Validation de l’approche statistique de la résistance du massif sur d’autres types de roches : la modification de la définition du paramètre S du critère Hoek-Brown permet de traiter

la dispersion naturelle des résistances à la compression uniaxiale. Cette méthode nécessite des tests d’application sur d’autres types de roche pour établir une relation empirique du calcul de la valeur α (équation 3-7) en fonction de la dispersion et peut-être du type d’ouvrages.

Paramètres du couplage THM : C’est par méthode inverse et par l’interprétation des mesures

hydromécaniques et THM dans les expérimentations in situ que l’on doit pouvoir réduire les incertitudes sur les paramètres de couplage, notamment sur le paramètre de dilatation différentielle αm. Par ailleurs, par la méthode inverse, les conductibilités thermiques peuvent être déterminées en interprétant les essais thermiques in situ. Cependant la précision d’une telle méthode n’est pas connue au stade actuel des connaissances.

Modèles rhéologiques et modélisations numériques : En raison de la faible perméabilité, et

de la non–linéarité du comportement et des couplages, les modèles rhéologiques complexes et les modélisations numériques interviennent à la fois dans la prédiction du comportement des ouvrages de stockage mais également en amont dans la détermination des paramètres des couplages et des paramètres des lois rhéologiques par l’interprétation des mesures sur échantillons et in situ.

Dans cette démarche, on doit se poser la question, avant de mener l’interprétation par modélisation, sur la cohérence et la représentativité des mesures des grandeurs mécaniques, thermiques et hydrauliques sur échantillons et in situ.

Comment juger la pertinence des modèles rhéologiques avec les données in situ ? Comment évaluer la capacité des modèles à reproduire les phénomènes ? Il est nécessaire d’établir préalablement des critères d’évaluation en concertation avec les développeurs et les modélisateurs.

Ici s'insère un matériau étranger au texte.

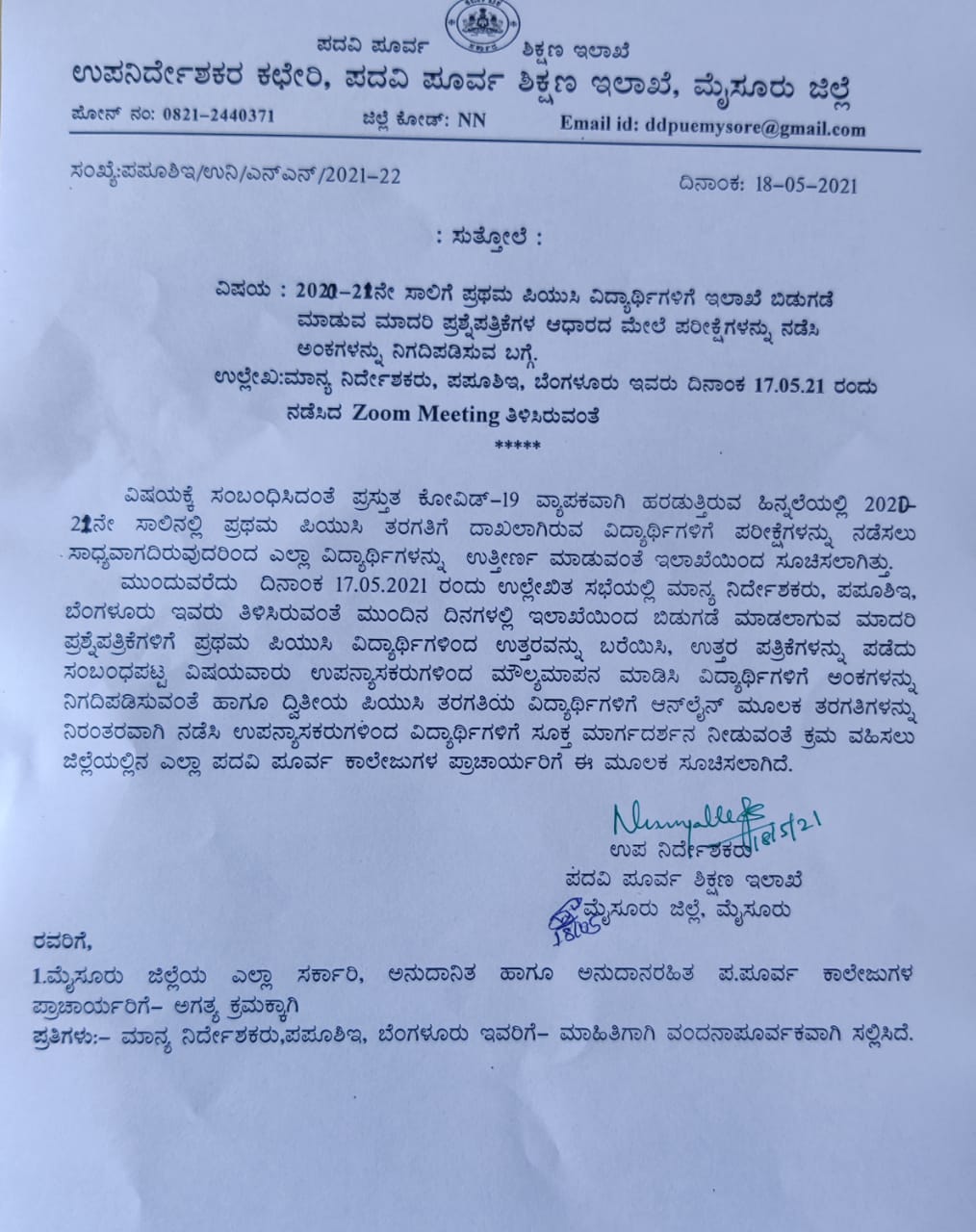 ಈಗಾಗಲೇ ಪಿಯುಸಿ ಪ್ರಥಮ ವರ್ಷದ ವಿದ್ಯಾರ್ಥಿಗಳನ್ನ ಪಾಸ್ ಮಾಡುವಂತೆ ಇಲಾಖೆ ಸೂಚನೆ ನೀಡಿತ್ತು. ಈಗ ಮತ್ತೆ ರಾಜ್ಯದ ಪ್ರತಿಯೊಂದು ಅಧಿಕಾರಿಗಳ ಜೊತೆ ಜೂಮ್ ಮೀಟ್ ಮಾಡಿ, ಮಾದರಿ ಪ್ರಶ್ನೆಗಳಿಗೆ ವಿದ್ಯಾರ್ಥಿಗಳಿಂದ ಉತ್ತರ ಪಡೆಯಲು ಮುಂದಾಗಿದೆ.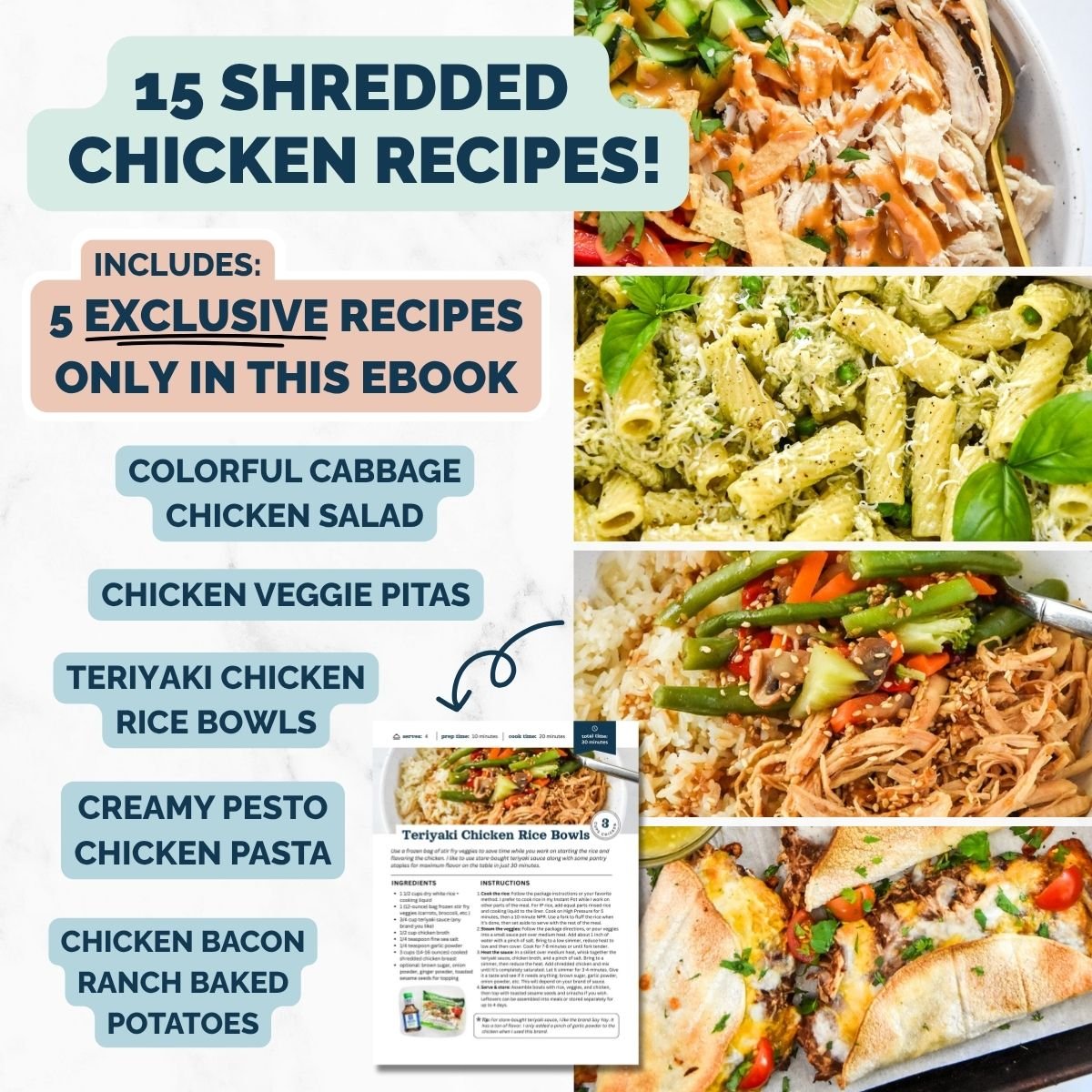 ➡️ 15 easy, flavorful dinner recipes - All starting with shredded chicken including 5 recipes EXCLUSIVE to this eBook!

Rôle du gaz : Il s’agit également d’une question phénoménologique. Le gaz d’hydrogène sous

pression produit par la corrosion a-t-il un impact sur le comportement mécanique des argilites ? Le modèle des milieux poreux non saturés (Coussy 1991) est-il adapté pour traiter ce problème ? Des études expérimentales et théoriques sont nécessaires pour apporter des éléments de réponse à ces interrogations.

Couplage chimique-mécanique : Le couplage chimique-mécanique devient de plus en plus

prépondérant avec le temps. De nombreux sujets restent ouverts à la fois sur le plan rhéologique et sur le plan numérique. Par exemple, quelles sont les propriétés mécaniques des produits de corrosion ? Comment réagissent les structures métalliques corrodées de l’alvéole avec la pression provenant des argilites après la fermeture des jeux fonctionnels ? Comment modéliser la fermeture des jeux fonctionnels ou le remplissage des jeux par les produits de corrosion ?

Extrapolation temporelle : La question essentielle sur le comportement différé de la roche reste

la validité de l’extrapolation dans le temps d’une loi calée sur des essais qui durent au maximum quelques années, sur une période de 102 à 106 ans. Pour y répondre, il est important de comprendre les mécanismes de déformation différée à l’échelle microscopique, tels que la viscoplasticité, la diffusion hydraulique, l’endommagement différé, la dissolution et la recristallisation. La compréhension des phénomènes à l’échelle microscopique permet d’encadrer la vitesse des déformations différées à très long terme.